Problem to solve
Under this line is some data; print exactly the lines from the one containing "Gestartet wird in" through its last line, without pictures.

Provided data
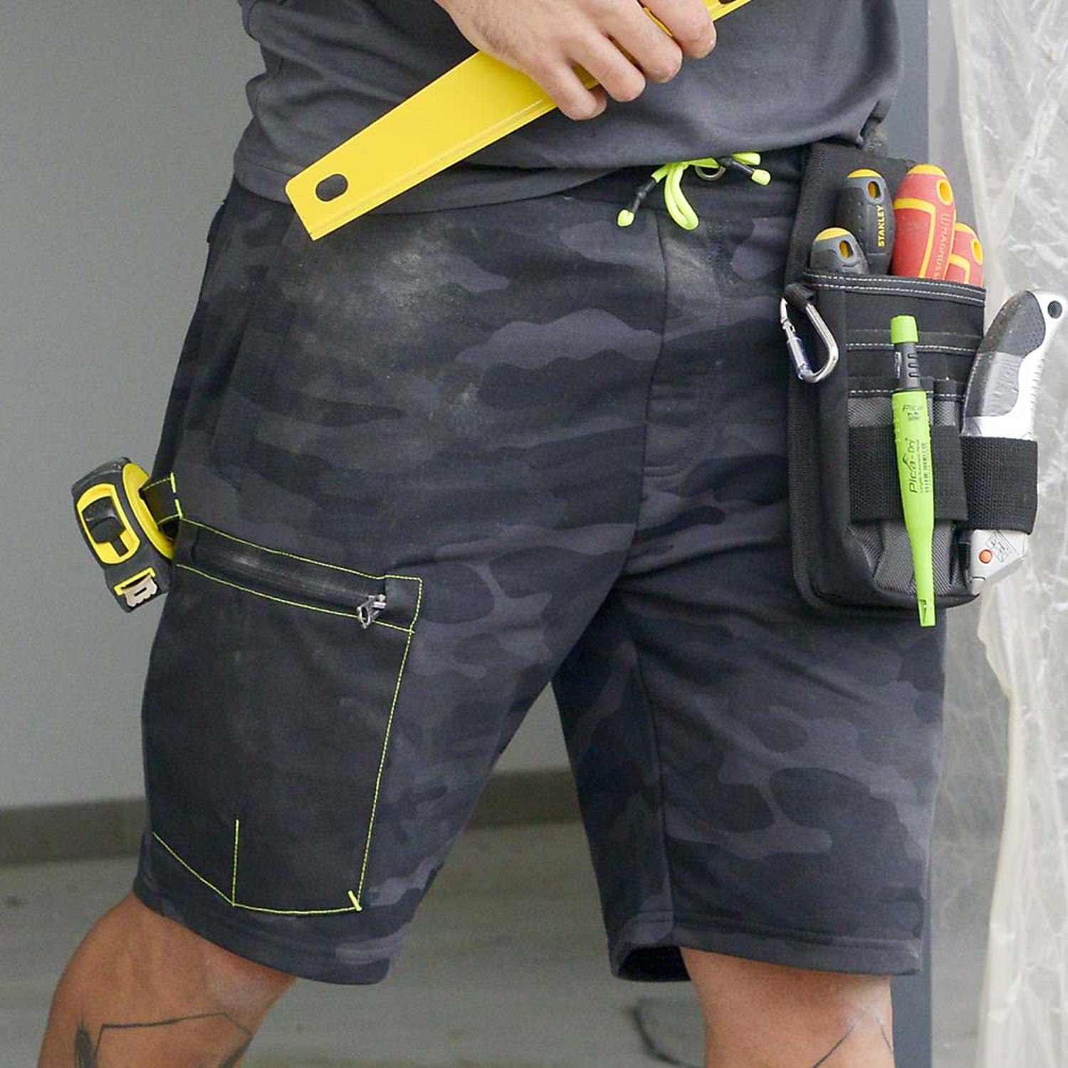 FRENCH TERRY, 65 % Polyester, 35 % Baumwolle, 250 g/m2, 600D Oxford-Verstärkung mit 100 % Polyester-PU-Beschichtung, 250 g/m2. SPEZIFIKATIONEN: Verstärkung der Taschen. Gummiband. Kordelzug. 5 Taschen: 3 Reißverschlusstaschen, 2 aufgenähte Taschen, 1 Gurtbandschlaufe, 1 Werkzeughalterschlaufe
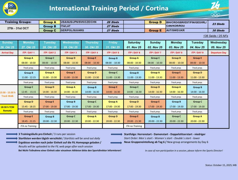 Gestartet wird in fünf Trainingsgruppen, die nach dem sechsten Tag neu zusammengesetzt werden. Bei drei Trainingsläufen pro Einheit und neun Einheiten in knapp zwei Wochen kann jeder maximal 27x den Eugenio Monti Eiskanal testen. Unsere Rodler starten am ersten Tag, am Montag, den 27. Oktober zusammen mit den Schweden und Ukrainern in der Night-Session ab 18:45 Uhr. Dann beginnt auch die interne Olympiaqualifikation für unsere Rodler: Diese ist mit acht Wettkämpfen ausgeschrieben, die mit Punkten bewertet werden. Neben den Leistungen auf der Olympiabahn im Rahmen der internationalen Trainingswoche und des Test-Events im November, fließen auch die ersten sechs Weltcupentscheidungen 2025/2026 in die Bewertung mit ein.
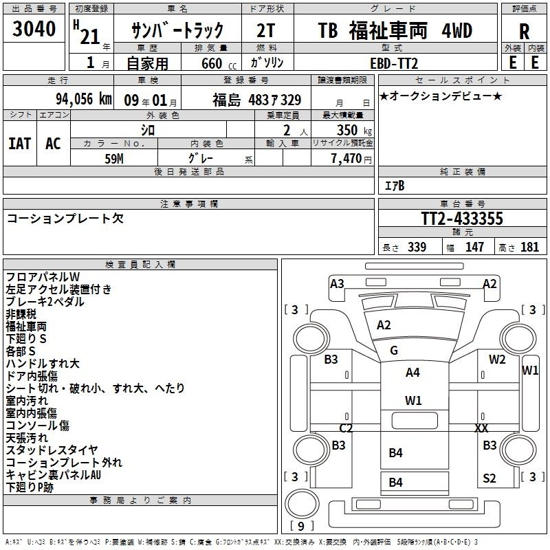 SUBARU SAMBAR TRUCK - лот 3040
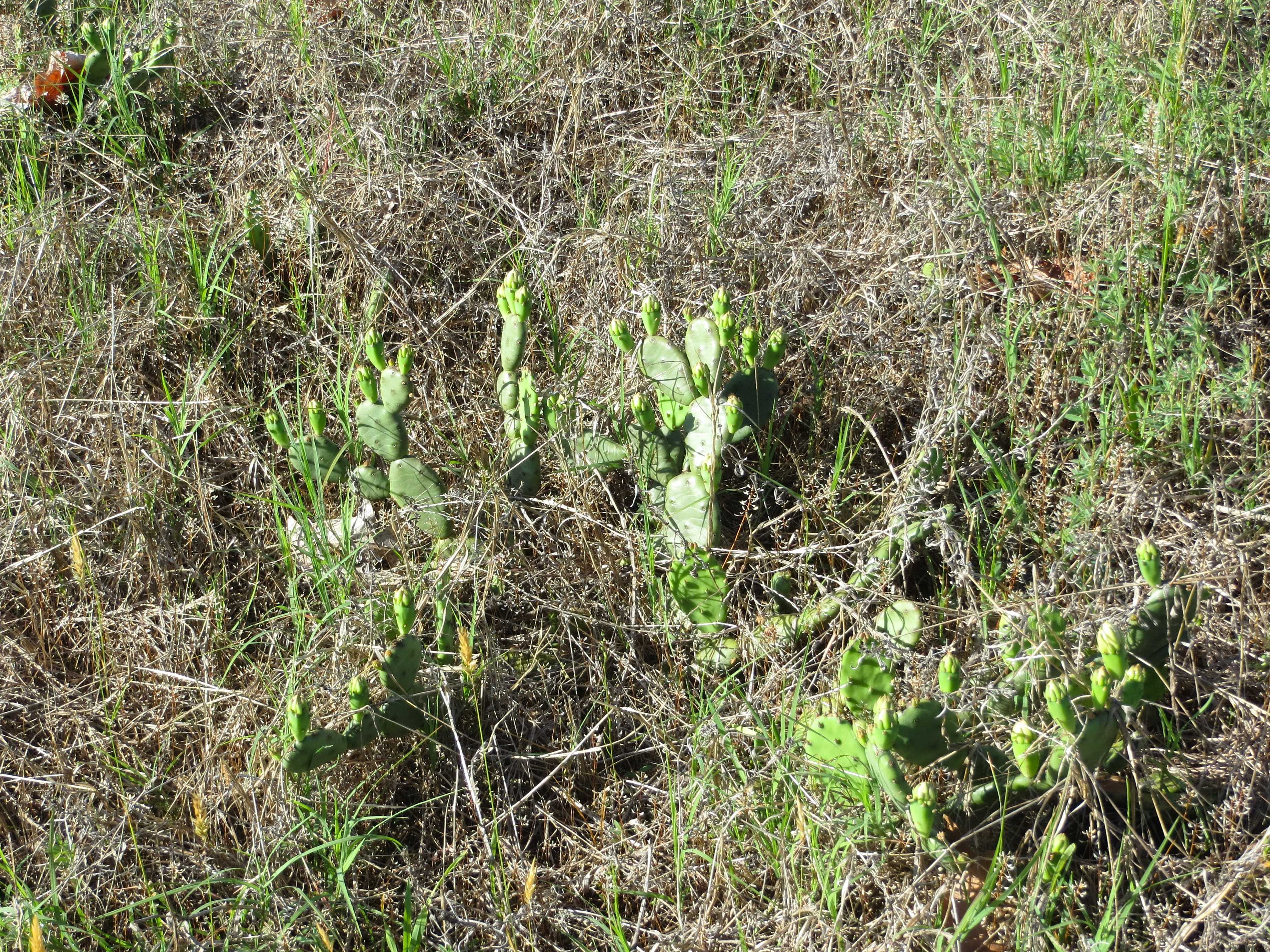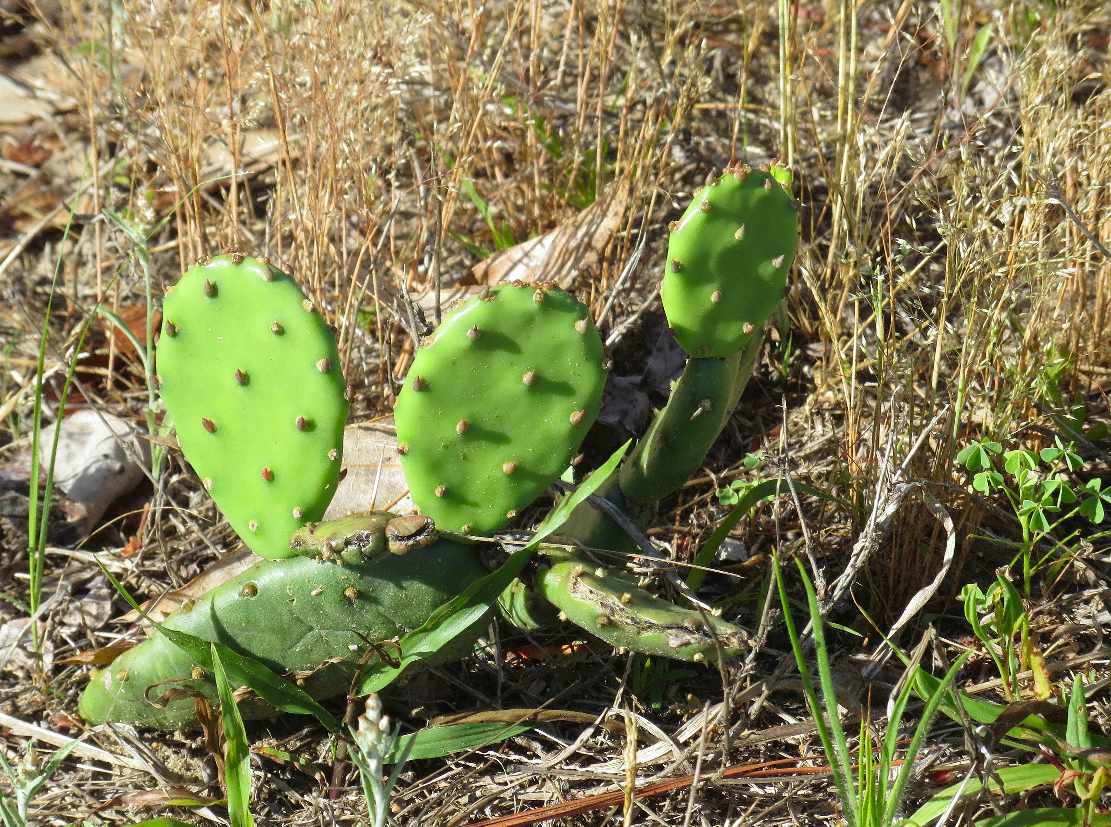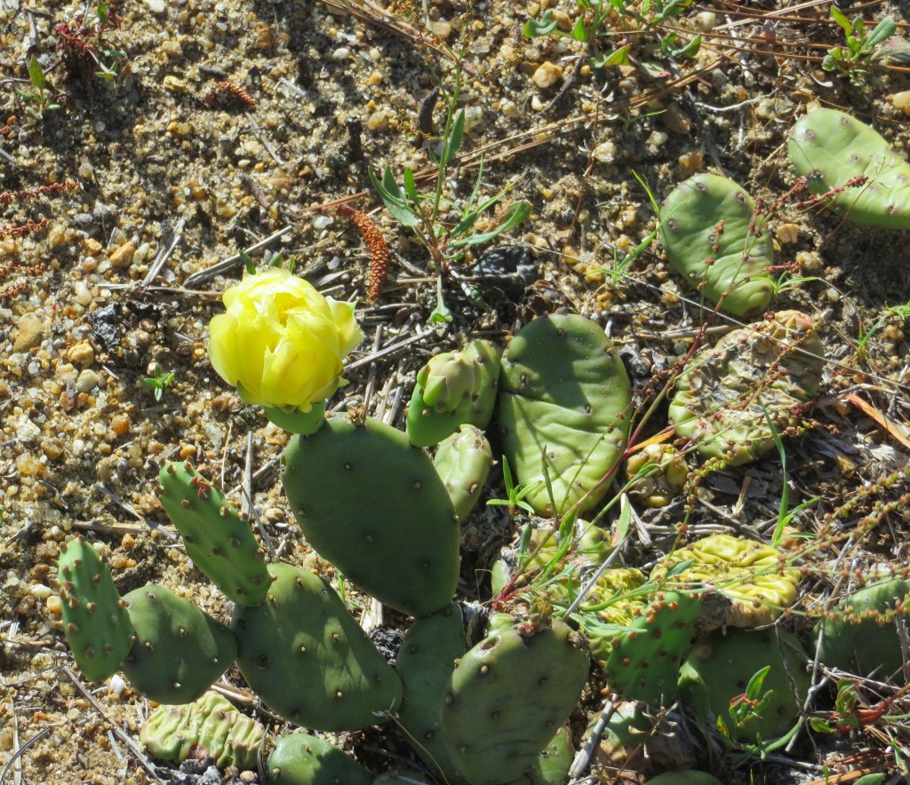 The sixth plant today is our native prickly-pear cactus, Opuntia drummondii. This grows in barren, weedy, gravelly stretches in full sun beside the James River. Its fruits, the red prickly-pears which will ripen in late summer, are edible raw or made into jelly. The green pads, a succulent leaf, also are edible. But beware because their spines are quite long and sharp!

Written response
 Gestartet wird in fünf Trainingsgruppen, die nach dem sechsten Tag neu zusammengesetzt werden. Bei drei Trainingsläufen pro Einheit und neun Einheiten in knapp zwei Wochen kann jeder maximal 27x den Eugenio Monti Eiskanal testen. Unsere Rodler starten am ersten Tag, am Montag, den 27. Oktober zusammen mit den Schweden und Ukrainern in der Night-Session ab 18:45 Uhr. Dann beginnt auch die interne Olympiaqualifikation für unsere Rodler: Diese ist mit acht Wettkämpfen ausgeschrieben, die mit Punkten bewertet werden. Neben den Leistungen auf der Olympiabahn im Rahmen der internationalen Trainingswoche und des Test-Events im November, fließen auch die ersten sechs Weltcupentscheidungen 2025/2026 in die Bewertung mit ein.
 SUBARU SAMBAR TRUCK - лот 3040
 The sixth plant today is our native prickly-pear cactus, Opuntia drummondii. This grows in barren, weedy, gravelly stretches in full sun beside the James River. Its fruits, the red prickly-pears which will ripen in late summer, are edible raw or made into jelly. The green pads, a succulent leaf, also are edible. But beware because their spines are quite long and sharp!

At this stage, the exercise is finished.